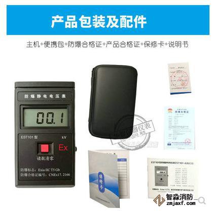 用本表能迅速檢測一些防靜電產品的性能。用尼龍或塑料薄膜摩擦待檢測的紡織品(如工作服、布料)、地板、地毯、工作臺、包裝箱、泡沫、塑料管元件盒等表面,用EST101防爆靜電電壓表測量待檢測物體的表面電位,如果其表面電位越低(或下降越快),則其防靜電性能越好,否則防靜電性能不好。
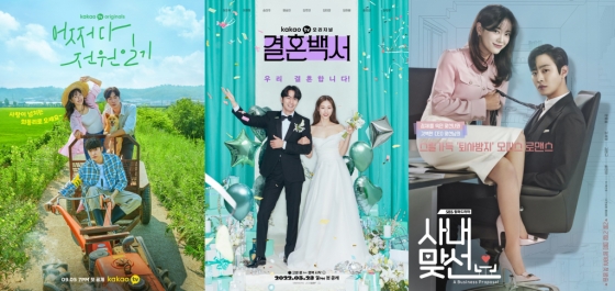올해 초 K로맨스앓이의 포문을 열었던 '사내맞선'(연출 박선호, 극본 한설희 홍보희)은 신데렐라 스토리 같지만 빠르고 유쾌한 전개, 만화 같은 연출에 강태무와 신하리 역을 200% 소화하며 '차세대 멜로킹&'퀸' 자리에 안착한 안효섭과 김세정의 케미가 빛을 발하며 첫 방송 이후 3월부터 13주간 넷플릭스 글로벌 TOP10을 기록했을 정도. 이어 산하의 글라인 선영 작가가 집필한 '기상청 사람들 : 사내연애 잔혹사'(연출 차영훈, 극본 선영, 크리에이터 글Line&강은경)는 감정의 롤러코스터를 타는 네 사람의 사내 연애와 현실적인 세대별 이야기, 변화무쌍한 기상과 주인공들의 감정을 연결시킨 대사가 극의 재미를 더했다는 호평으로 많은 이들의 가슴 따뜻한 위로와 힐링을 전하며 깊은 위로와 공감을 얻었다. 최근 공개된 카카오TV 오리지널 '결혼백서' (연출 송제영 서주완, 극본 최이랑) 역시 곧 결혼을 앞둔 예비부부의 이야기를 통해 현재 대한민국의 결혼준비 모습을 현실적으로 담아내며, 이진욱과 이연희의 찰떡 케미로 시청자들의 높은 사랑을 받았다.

══════

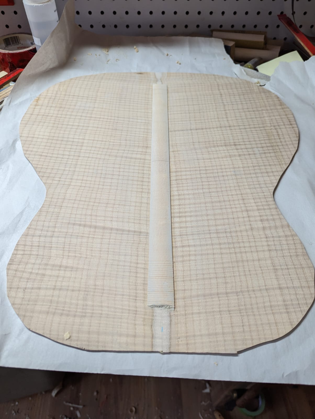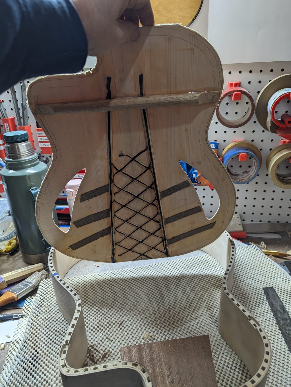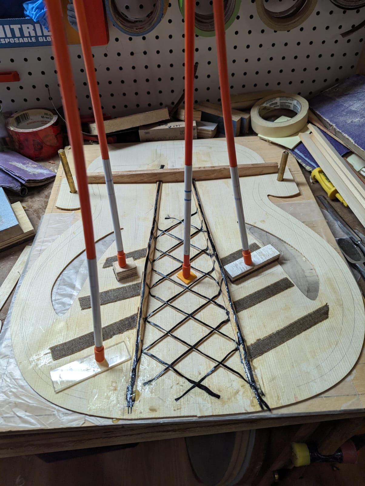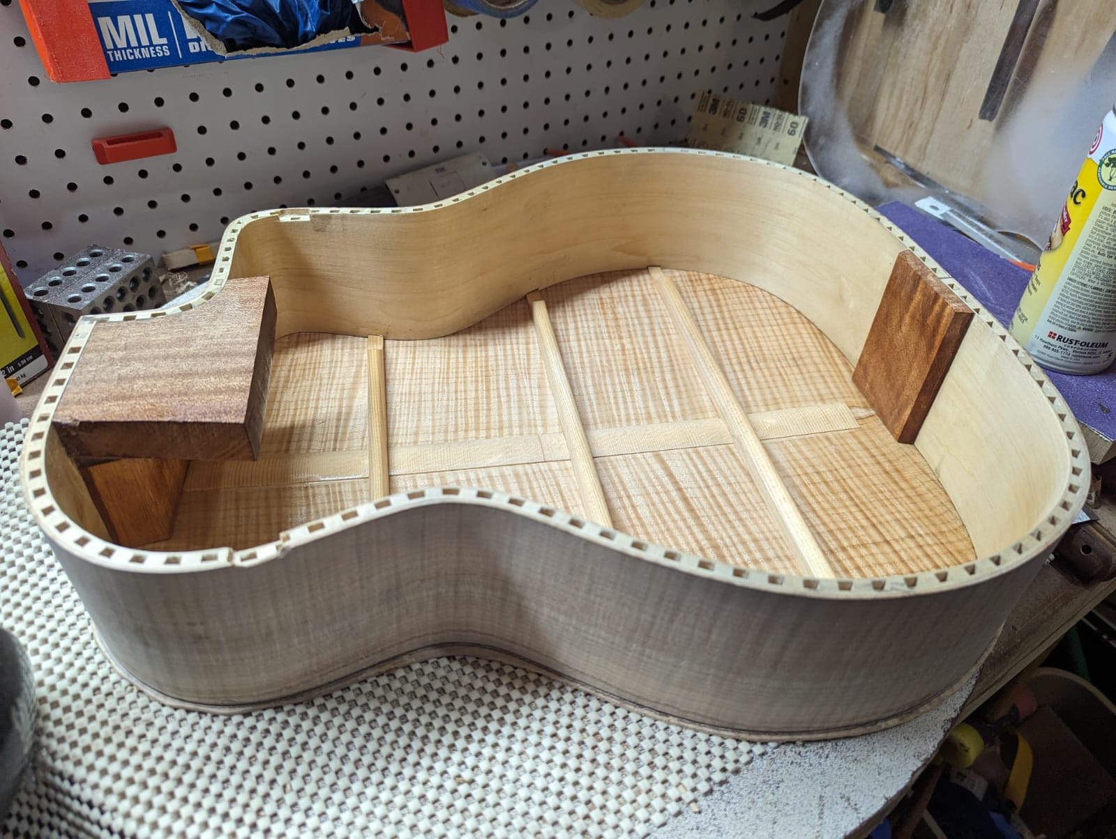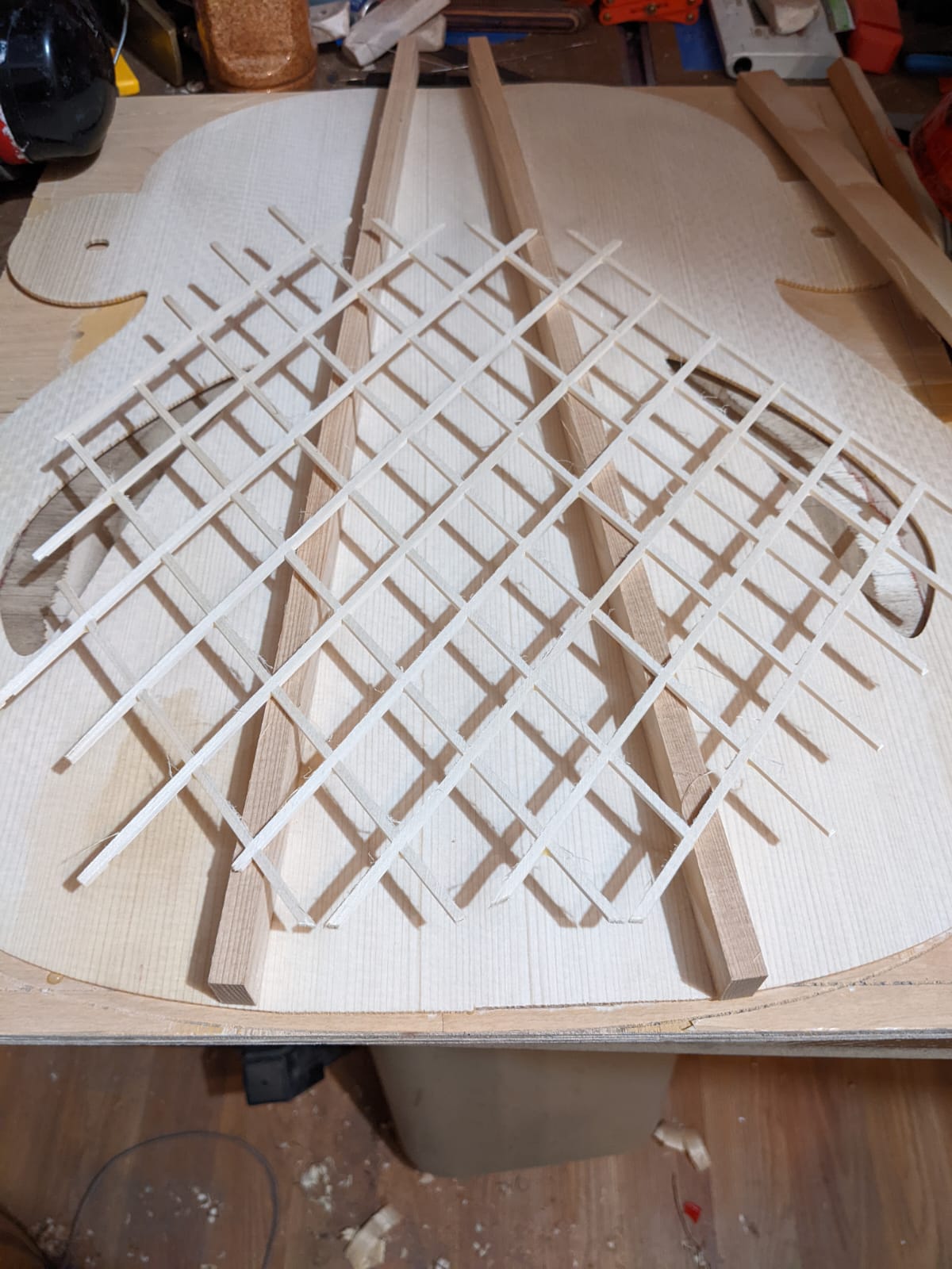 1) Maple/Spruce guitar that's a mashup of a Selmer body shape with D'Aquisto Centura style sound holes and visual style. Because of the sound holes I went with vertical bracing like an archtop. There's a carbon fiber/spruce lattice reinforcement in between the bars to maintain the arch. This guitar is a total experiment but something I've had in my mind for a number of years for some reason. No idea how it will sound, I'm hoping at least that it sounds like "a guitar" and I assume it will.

══════

§ REQUIREMENT: Working from the data above, repeat exactly, and only, the lines that begin at the line containing "用本表能迅速檢測一些防靜電產" and stop after the line containing "올해 초 K로맨스앓이의"; pictures are not copied.

§ ANSWER:
 用本表能迅速檢測一些防靜電產品的性能。用尼龍或塑料薄膜摩擦待檢測的紡織品(如工作服、布料)、地板、地毯、工作臺、包裝箱、泡沫、塑料管元件盒等表面,用EST101防爆靜電電壓表測量待檢測物體的表面電位,如果其表面電位越低(或下降越快),則其防靜電性能越好,否則防靜電性能不好。
올해 초 K로맨스앓이의 포문을 열었던 '사내맞선'(연출 박선호, 극본 한설희 홍보희)은 신데렐라 스토리 같지만 빠르고 유쾌한 전개, 만화 같은 연출에 강태무와 신하리 역을 200% 소화하며 '차세대 멜로킹&'퀸' 자리에 안착한 안효섭과 김세정의 케미가 빛을 발하며 첫 방송 이후 3월부터 13주간 넷플릭스 글로벌 TOP10을 기록했을 정도. 이어 산하의 글라인 선영 작가가 집필한 '기상청 사람들 : 사내연애 잔혹사'(연출 차영훈, 극본 선영, 크리에이터 글Line&강은경)는 감정의 롤러코스터를 타는 네 사람의 사내 연애와 현실적인 세대별 이야기, 변화무쌍한 기상과 주인공들의 감정을 연결시킨 대사가 극의 재미를 더했다는 호평으로 많은 이들의 가슴 따뜻한 위로와 힐링을 전하며 깊은 위로와 공감을 얻었다. 최근 공개된 카카오TV 오리지널 '결혼백서' (연출 송제영 서주완, 극본 최이랑) 역시 곧 결혼을 앞둔 예비부부의 이야기를 통해 현재 대한민국의 결혼준비 모습을 현실적으로 담아내며, 이진욱과 이연희의 찰떡 케미로 시청자들의 높은 사랑을 받았다.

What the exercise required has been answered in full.